▶ Exercise description
Copy exactly the lines of the data below, beginning with the line with "2.關(guān)于領(lǐ" and ending with the line with "zopakoval schéma obvodů, kterým". Pictures are to be omitted.

▶ Given records
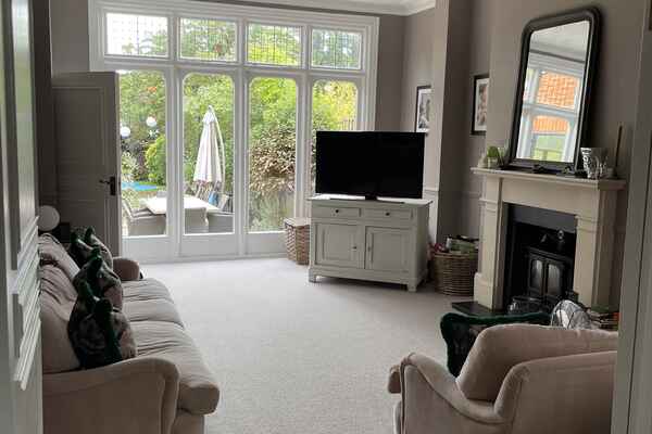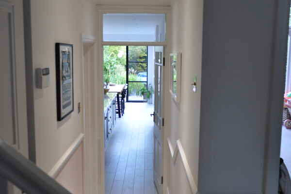 Enter to a spacious hallway with fireplace which flows through to two spacious living rooms with wood-burner fires.
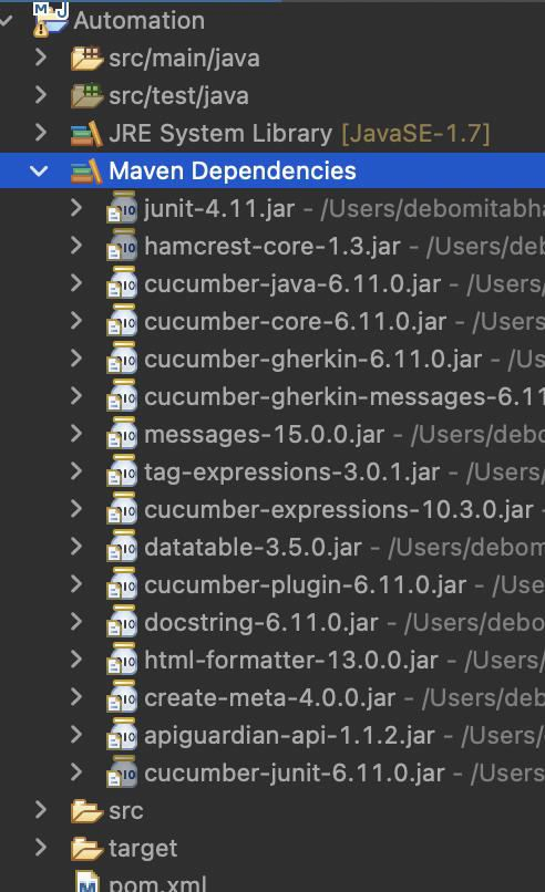 步驟 4− 單擊專案中的 Maven Dependencies 資料夾。我們透過 Maven 獲得的所有與 Cucumber 相關的依賴項都應可見。
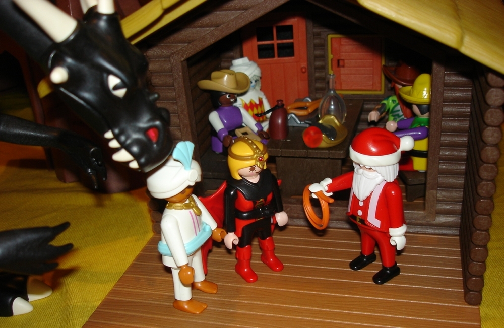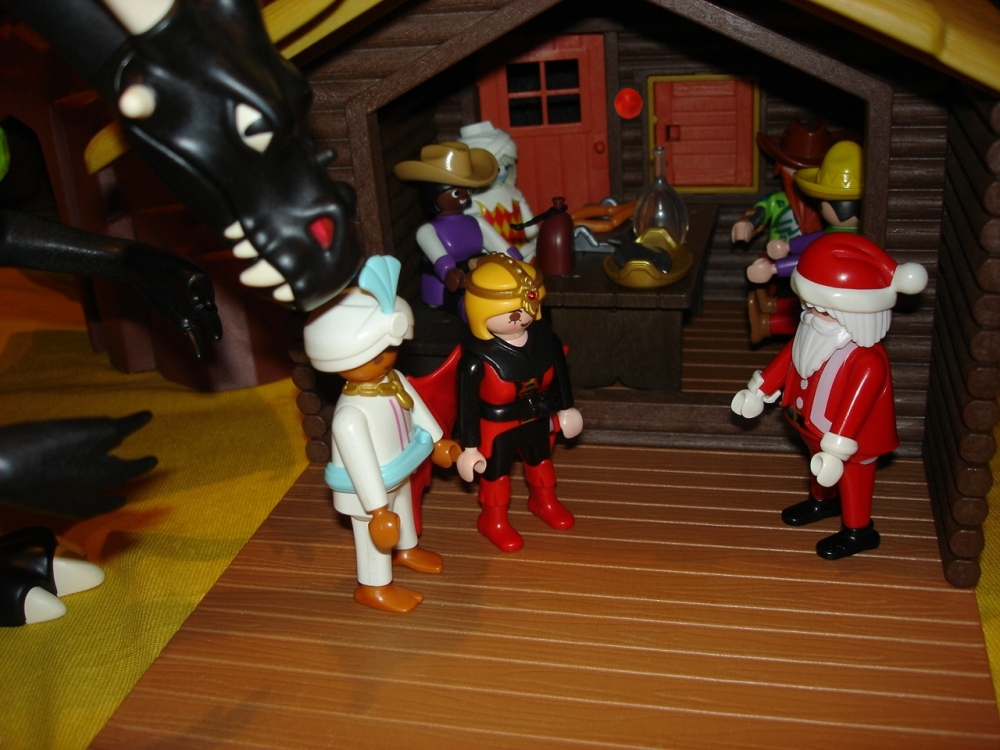Blauhirsch: "Setzt euch zu uns an unser Lagerfeuer. Wir wollen eure Ankunft feiern."
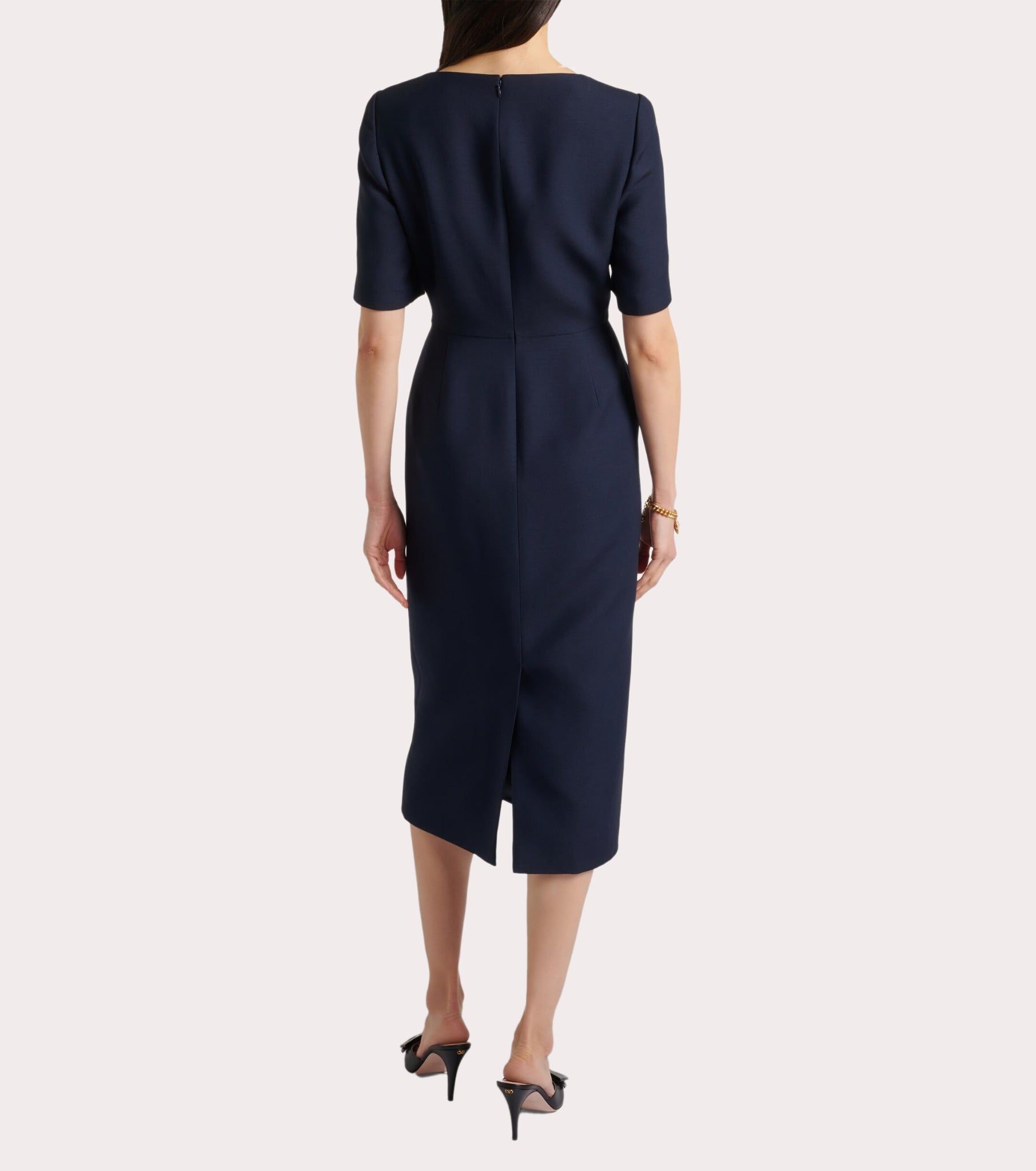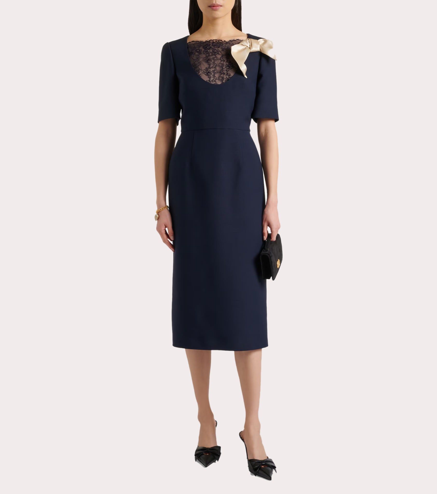 Váy liền cộc tay màu xanh tím than, kéo khóa sau, cổ sâu pha ren hoa cùng màu, cổ gắn 1 nơ màu be
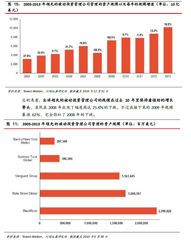2.關(guān)于領(lǐng)先的被動投資資產(chǎn)管理公司:2003 年以來,領(lǐng)先的被動投資產(chǎn)產(chǎn)管理公司的規(guī)模增長迅速,年均復(fù)合增長率達(dá)到12.4%,而全球500大資產(chǎn)管理公司只有5.8%。
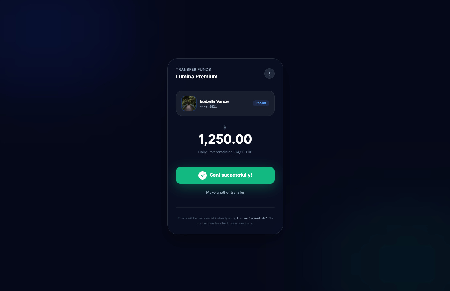 “Genera una microinteracción creativa para un botón de ‘Enviar fondos’ en una aplicación bancaria. Incluye: trigger (clic), efectos animados suaves (que transmitan sensación premium), intención emocional (que se sienta humano). Hazlo práctico para una web app moderna. Genera el código.”
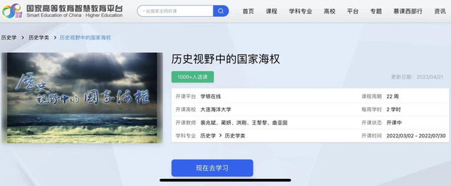国家高等教育智慧教育平台首批上线的2万门课程是从1800所高校建设的5万门课程中精选的优质课程,共覆盖13个学科92个专业。近日,suncitygroup太阳新城《历史视野中的国家海权》课程入选首批精选优质课程,于2022年3月2日正式开课。
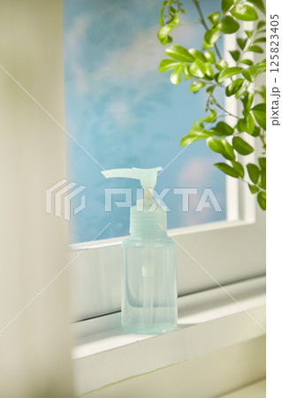 A blue cosmetic bottle with a pump stands on a white window shelf, next to leafy green plants. Inside the bottle is a clear liquid essence. Outside the glass door is a view of the clear blue sky.
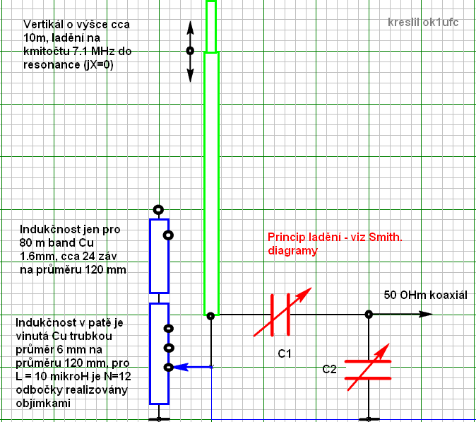 zopakoval schéma obvodů, kterým je laděn vertikál o výšce h = 10m v patě.
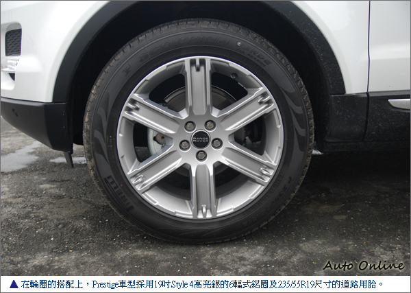 在Prestige車型上,加入了些些奢華元素的妝點,在車後的銘牌上,Prestige車型採用亮銀的EVOQUE徽飾,而在Pure和Dynamic車上,則分別採用黑底銀框和紅底銀框的EVOQUE徽飾,藉此不同色系同中求異的區分不同等級之車型。
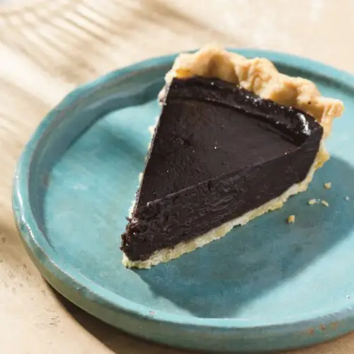Dutch-processed cocoa is the best type to use here, as the alkali added during processing gives it a deep, dark hue. That said, natural cocoa will work but the filling will be lighter in color. When lining the pie plate with the rolled dough, if the dough tears, not to worry, as it’s easy to patch. To prevent shrinking and slipping during baking, the foil-lined pie shell is filled with about 2 cups of pie weights. The weights are removed after about 20 minutes, then the pie shell is returned to the oven to allow it to brown all over.
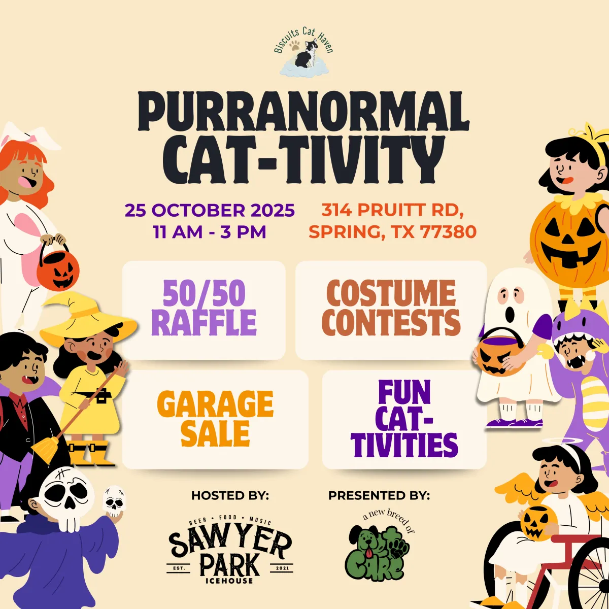 Join us at Sawyer Park Icehouse on Oct 25th, from 11 AM –3 PM for Purranormal Cat-tivity, a Halloween fundraiser benefiting Biscuits Cat Haven .

▶ Answer section
2.關(guān)于領(lǐng)先的被動投資資產(chǎn)管理公司:2003 年以來,領(lǐng)先的被動投資產(chǎn)產(chǎn)管理公司的規(guī)模增長迅速,年均復(fù)合增長率達(dá)到12.4%,而全球500大資產(chǎn)管理公司只有5.8%。
 “Genera una microinteracción creativa para un botón de ‘Enviar fondos’ en una aplicación bancaria. Incluye: trigger (clic), efectos animados suaves (que transmitan sensación premium), intención emocional (que se sienta humano). Hazlo práctico para una web app moderna. Genera el código.”
国家高等教育智慧教育平台首批上线的2万门课程是从1800所高校建设的5万门课程中精选的优质课程,共覆盖13个学科92个专业。近日,suncitygroup太阳新城《历史视野中的国家海权》课程入选首批精选优质课程,于2022年3月2日正式开课。
 A blue cosmetic bottle with a pump stands on a white window shelf, next to leafy green plants. Inside the bottle is a clear liquid essence. Outside the glass door is a view of the clear blue sky.
 zopakoval schéma obvodů, kterým je laděn vertikál o výšce h = 10m v patě.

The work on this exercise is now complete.